A relva do Neckarstadion estava, nesse dia, especialmente escorregadia. Vi o Dito, o Elzo e o Pacheco escorregarem frequentemente. Penso que foi o Pacheco que trocou de botas com o jogo a decorrer. Não havia pitons que agarrassem a velocidade e a elegância daquele Benfica ao chão e, assim, eram raras as bolas que chegavam em termos à cabeça de Rui Águas ou a qualquer região do globo a que Magnusson tivesse acesso.
Na altura eu era muito miúdo. Tanto que as memórias mais claras que tenho do futebol anterior à final de Estugarda são três: Diego Maradona e os imponentes estádios mexicanos (destaque para o monumental Azteca e para a mão contra Inglaterra); o calcanhar de Madjer em Viena (e um bronco muito sôfrego que não partilhou a taça com nenhum dos colegas) e um relato de bola em que o Sporting estava a ganhar ao Benfica e que, a dada altura, a minha mãe disse “vá, já chega filho, anda ajudar a mãe, vamos desligar isto”.
Lembro-me que, à altura, o Silvino ainda tinha a difícil missão de substituir o enorme Manuel Bento à frente das redes Gloriosas; e que a braçadeira também ainda não ganhara musgo no braço de Veloso.
Há pouco, omiti uma memória ligeiramente anterior: duas cabeçadas triunfais de Rui Águas, daquelas tão elegantes que imagino o rosto de Van Basten na cabeça do 9 Benfiquista – questão claramente genética: sangue puro é sangue puro!
Também me lembro, muito claramente, que o meu pai tinha – ainda o tem – um prato do Benfica, lá no móvel da sala, que lhe fora oferecido por um tio dele, julgo eu. O meu pai foi ver o jogo ao café, com mais amigos Benfiquistas. Saiu confiante.

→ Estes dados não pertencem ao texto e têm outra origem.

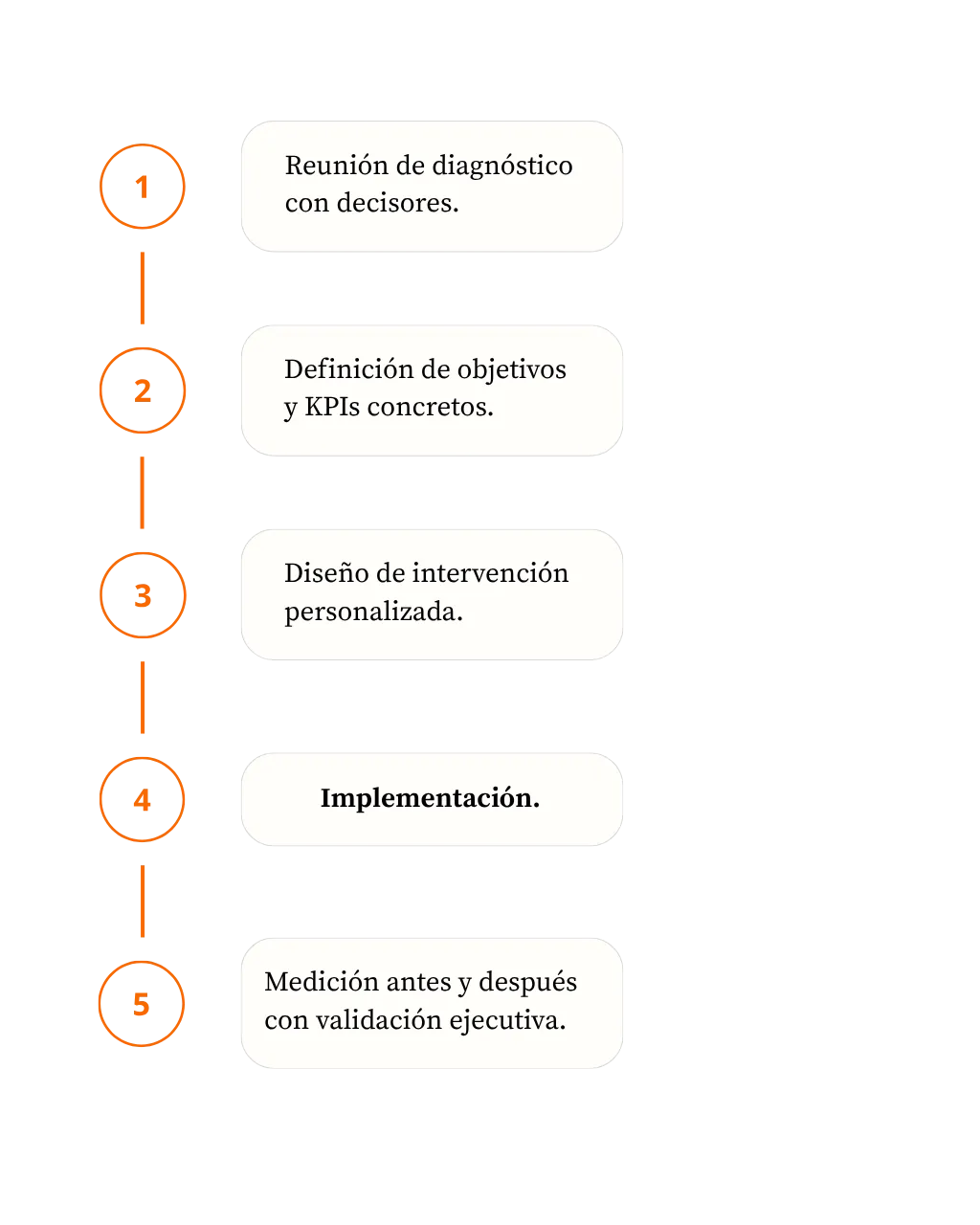 Trabajamos el vínculo entre liderazgo, clima y desempeño para que el impacto se vea en indicadores concretos del negocio.

Quando regressou, disse “raisparta o Veloso, nem sabe marcar um penalty, cabrão do homem!” e pegou no prato, penso que ia atirá-lo pela janela. A minha mãe pôs água na fervura “isso não é ser Benfiquista, isso é só ter raiva… que culpa tem o prato que o Veloso não tenha força?... Ainda por cima oferecido pelo teu tio!”. Ele lá se acalmou. E depois, voltando-se para mim, disse com mágoa “já os vi ganhar duas, era eu da tua idade. Desde então – desde o Bella Gutman! – nunca mais… já são quatro que vejo perder…” e eu por alguma razão senti-me culpado, porque era a primeira a que assistia, porque tinha a idade que o meu pai tivera quando ganhou as outras duas e porque não consegui repor a sorte do Benfica, fazer com que ganhasse novamente. E prometi a mim mesmo aplicar-me mais, dar mais atenção, projectar melhor a minha energia. E aplaudir os nossos jogadores em qualquer circunstância, ir ao Estádio sempre que pudesse e proteger aquele prato sempre que a coisa corresse mal.
Mas lembro-me, mais do que de tudo o resto, de ter desejado um dia poder voltar a ver o Benfica enfrentar o PSV. Se possível, em plena Luz. Para, então, poder desfazer aquele sentimento de culpa que nunca consegui debelar. Dia 7 de Abril, isto é entre nós, ó Eindhoven: só eu e tu, olhos nos olhos.
1 comentário:
Enorme post, Diego!
Tanta coisa parecida com o que o nome Eindhoven me diz. Está encravado há 23 anos. Isso e a mais recente com eles, há uns anos para a fase de grupos da Champions, em que, por um trânsito infernal, só consegui entrar no Estádio na segunda parte.
É para esfolar! Pelo Veloso, pelo Diamantino, por todos, no fundo.